3 Ways Swimming will IMPROVE your Crossfit Game

In Technique by RITTER Admin4 Comments

Since the Crossfit games started in 2011, swimming has been involved in one of the events. Some of the events even include a combination of swimming and running–really working your aerobic engine!

There are very few athletes (besides swimmers, divers, and maybe a few other recreational water sports) that are born with the natural ability to float and not panic under a deliberate oxygen-deprived situation.

For someone, who is a swimmer (and occasionally does Crossfit)–these two sports are very different.

Let me explain further…

  1. Swimming; puts you in the horizontal plane with lighter stress loads than on-land, including some very restrictive breathing patterns. Also, it requires a bit of finesse with learning how to move quickly through a water medium, with technical body-movement instruction, and tons of aerobic conditioning.
  2. Crossfit; puts you in the vertical plane with EXTREMELY heavy loads and reps—challenging every muscle, tendon, and bone in your body.
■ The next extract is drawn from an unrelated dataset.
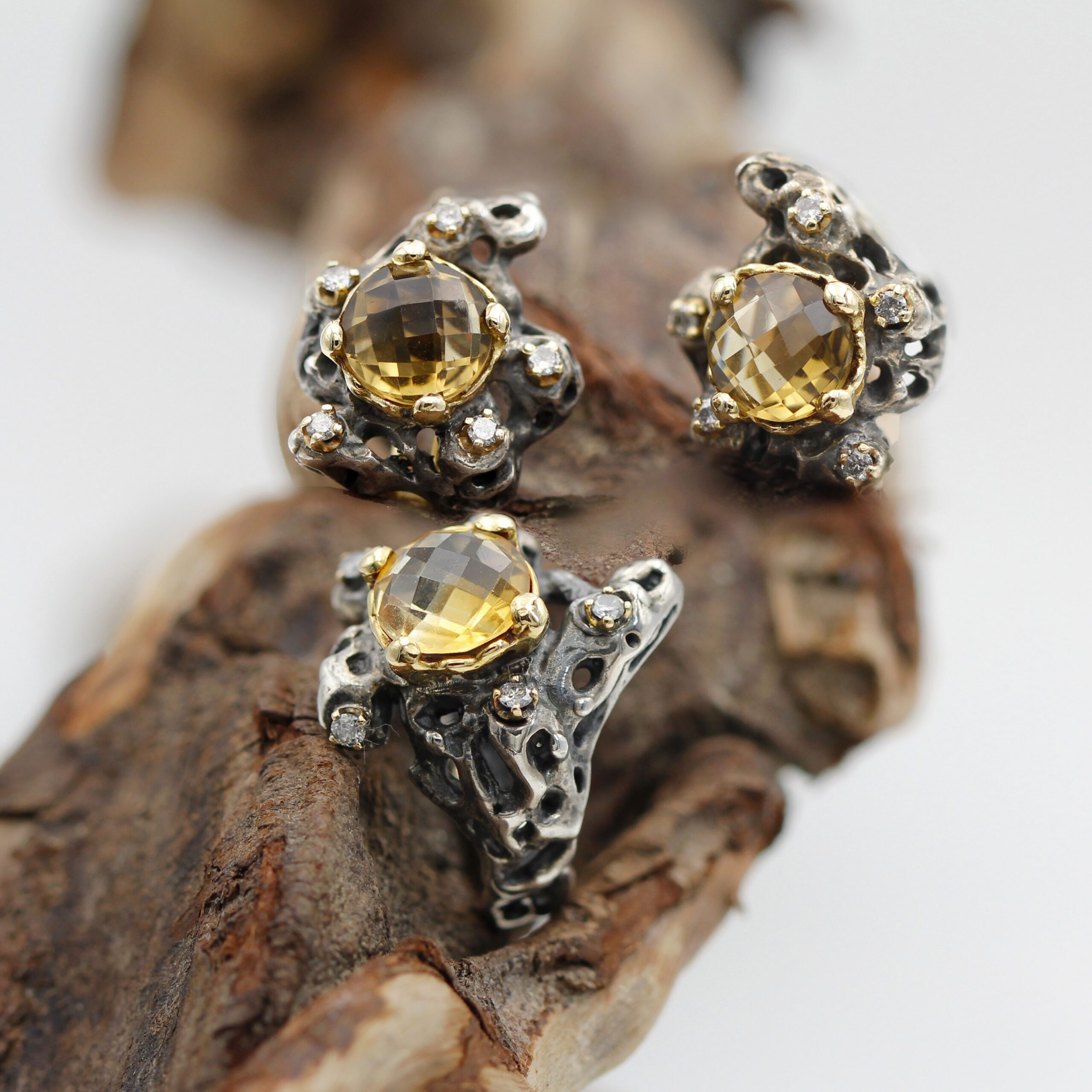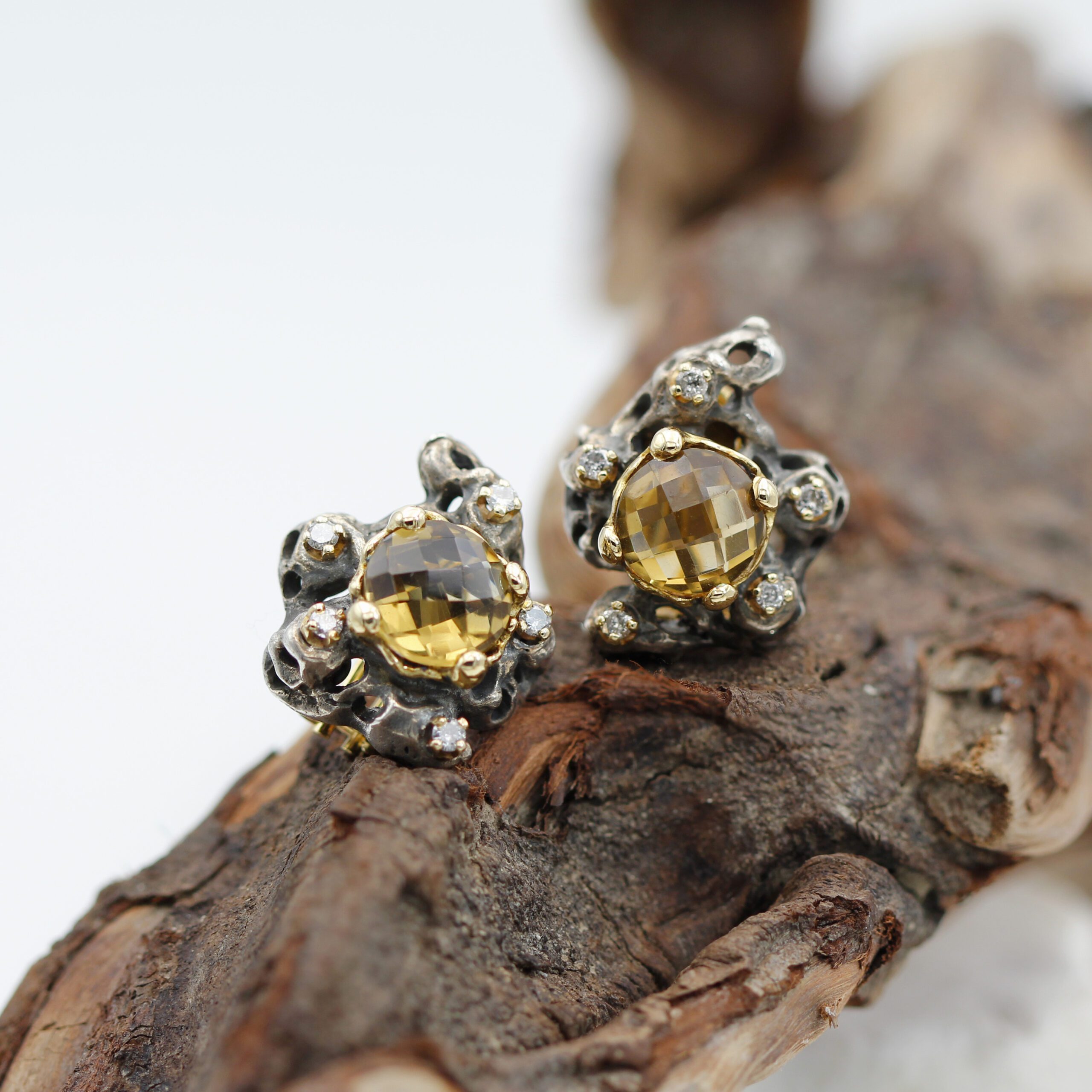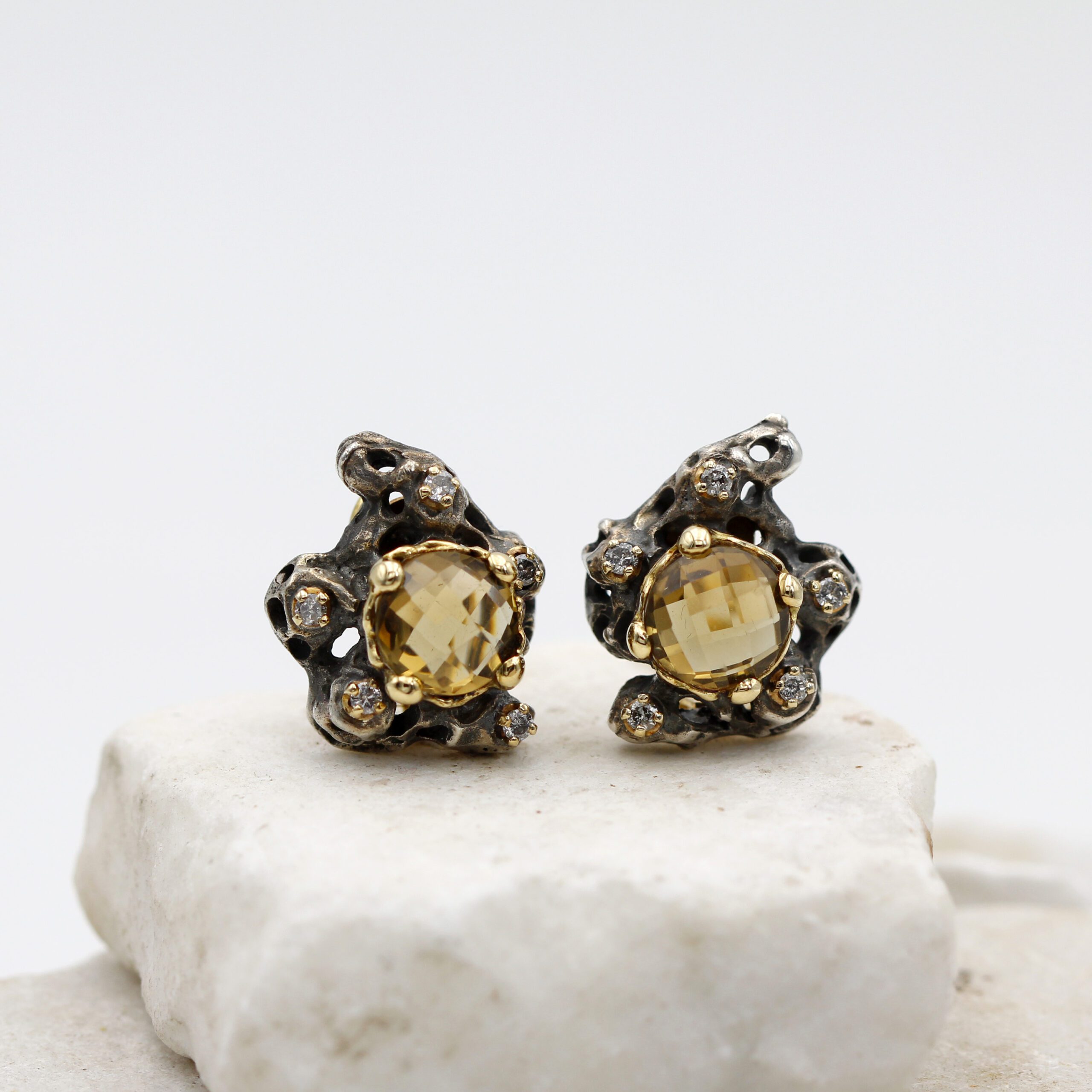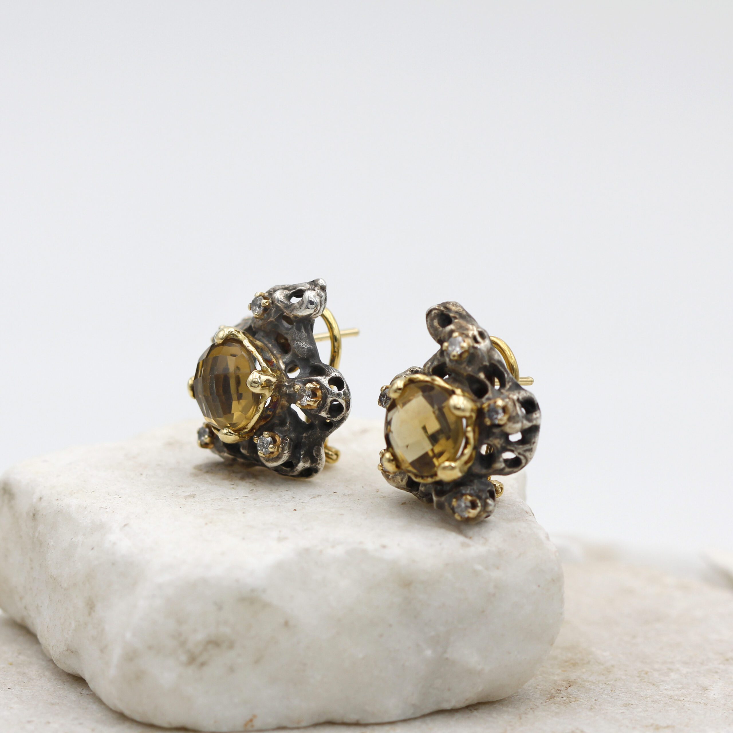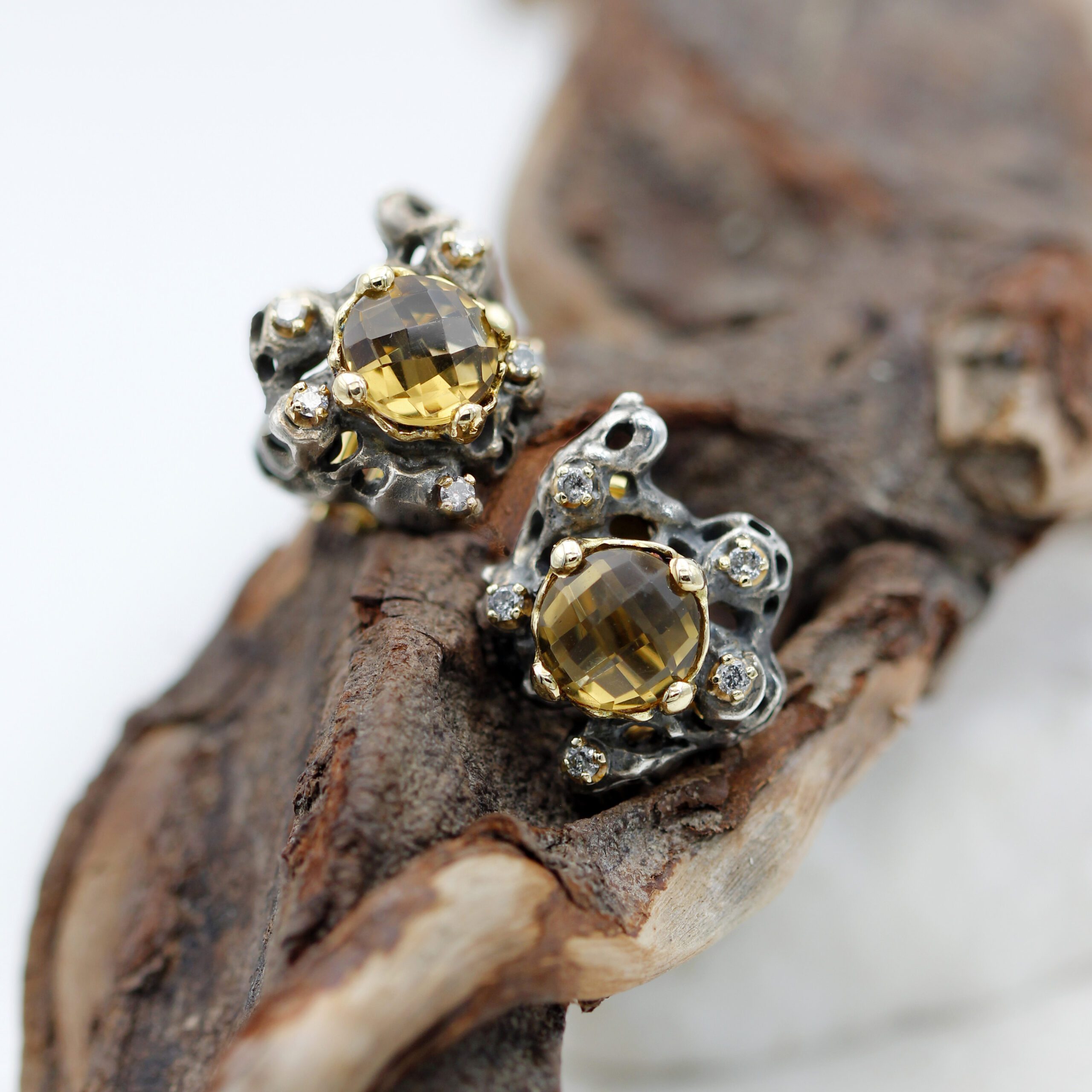 Faceted Citrine Quartz and Grey Diamond Silver and Gold Earrings

Including gymnastic movements, body weight exercises, and a solid foundation of anaerobic and aerobic conditioning.

Between these two sports, I’ve found that being good at one of them DOES NOT make you good at the other. BUT, what these past six Crossfit games have proven is that–in order to be an ELITE-LEVEL Crossfitter: You must be able to SWIM, and swim WELL!
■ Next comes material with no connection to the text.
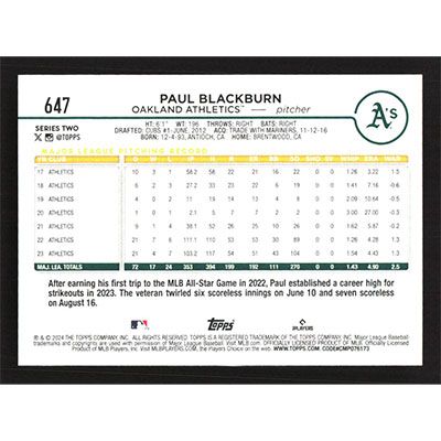 This is a 2024 Topps Paul Blackburn baseball card. The card is #647 and pictures show condition.

If you are a Crossfitter and are contemplating stepping up your swimming game while reading this post–DO IT. Swimming will not only improve your overall fitness level, but it will get you better prepared for local competitions and/or regionals!

Let’s dive into 3 ways swimming MORE will improve your Crossfit level:

1.) Swimming Increases your Cardiovascular Fitness Level:

Swimming is a great way to improve your aerobic fitness level. The main factor that makes swimming such an awesome way to improve your cardio is due to the fact that when you swim—you are restricted from breathing regularly.

Getting to a point where you can swim a few laps (4×50 Freestyle @ 1:00 rest) without getting completely winded is the first step to improving your cardio level in a hypoxic (meaning very little air) environment.

2.) Swimming is a FULL-BODY Workout:

If you learn to swim all FOUR strokes–basically every large muscle group in your body must fire while swimming. This includes all the small muscle groups around your joints (those really important intrinsic muscles too)!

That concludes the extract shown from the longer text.